Much public debate proceeds on the basis that we live in a meritocracy. This term was first invented by the social entrepreneur Michael Young in 1958 and it is taken to describe a society where people are rewarded with employment and money according to their skills and effort. This allows for income differentials, giving incentive to people to work hard.

 

If I may employ a new and ungainly word, the Bible speaks more readily of charisocracy. The word charis, from which we take the word charisma, means gift. For the Apostle Paul in the New Testament, the Church should be governed by the rule of gifts. God showers gifts liberally on his people, which when put together look like a seamlessly joined thousand piece jigsaw. Unless these individual pieces are integrated it simply looks like a fragmented mess. The use of the word ‘gift’ is preferable to the term ‘merit’ because it expresses something profound about origins. We are made together in the image of God. This is the true root of our personal worth as human beings and it suggests we are creative people with different gifts which God calls us to convert into skills for the blessing of others.

 

Clearly some people are more gifted than others, bringing to mind the ambiguous Carly Simon song: ‘Nobody does it better’ where the outrageous gifting of one person provokes as much jealousy and frustration in the admirer as it does praise. Leaving to one side the occasional person you come across who could open the batting for England while writing a Booker prize winning novel – the kind most of us would cheerfully drown at sea - there are more subtle and less exaggerated differences between most people. The idea that we are gifted, however, calls for humility because we did not create our innate abilities. It is in converting gifts into skills that the genuine risk of hubris and arrogance manifests itself. We forget where these skills came from after we have expressed them for a while.

 

In the Parable of the Talents in Matthew 25, one man is given five talents, another three talents and the last man just one. The first two put their talents to productive use and made more talents. These were commended by the lender. The last one buried his in the ground, made nothing of it and was condemned by the lender. Many people, with the sense of justice which is hardwired into humanity, feel this parable is unfair, kicking poor people in the teeth while celebrating the rich, as if it were a grotesque approval of today’s bonus culture.

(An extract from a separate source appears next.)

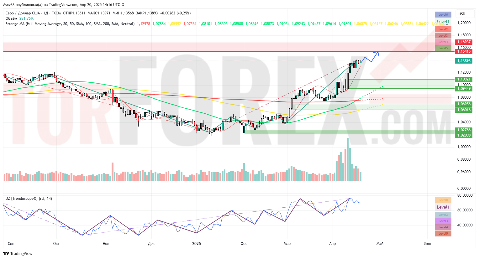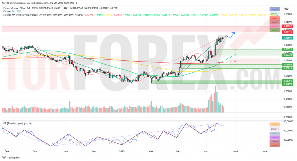 Торговая пара EUR/USD демонстрирует чётко выраженный восходящий тренд, подтверждённый пробоем сопротивлений и техническими индикаторами. В краткосрочной перспективе ожидается консолидация в диапазоне 1,1300 – 1,1540 с приоритетом на рост. Наиболее логичная торговая идея — искать покупки на откате в зоне 1,1300 – 1,1350 с целями на 1,1540 – 1,1600. Стоп-лосс целесообразно размещать ниже 1,1270, под последним импульсным минимумом.

This misses the point. The talents stand for the gifts we are given and the parable encourages us to put these gifts to productive use. Even one talent, in Biblical times, was an outlandish amount of money, suggesting that even the least gifted person has more than enough gifts to explore once they cease to be hypnotised by the ability of others. One reason why more gifted people should be slow to boast of their talent is that more is expected of them: the greater the gifting, the deeper the responsibility.

 

Gifts are given to enrich the lives of others. In a meritocracy, the idea that personal merit can be put to selfish gain is but a step away. Yet to use our gifts this way shows contempt and ingratitude to the one who bestowed them on us. One of dilemmas of extended peacetime is that the social glue which bound people together in adversity becomes less sticky as we are able to look more to our own interests than others. This effect is perhaps unavoidable but it can and should be mitigated. It is one of the more deceitful illusions of this modern era of individualism to believe that we can make it on our own. We all leave the womb naked and remain defenceless for many years to come. And we are prepared for the adult world of work through the patience and diligence of many skilled and so-called unskilled workers. That we depart this world to face our Maker as empty as we arrived in it is all the perspective we need. We start life equal, we end it equal. This is what God has made. What does that say, then, about how we should treat one another in-between?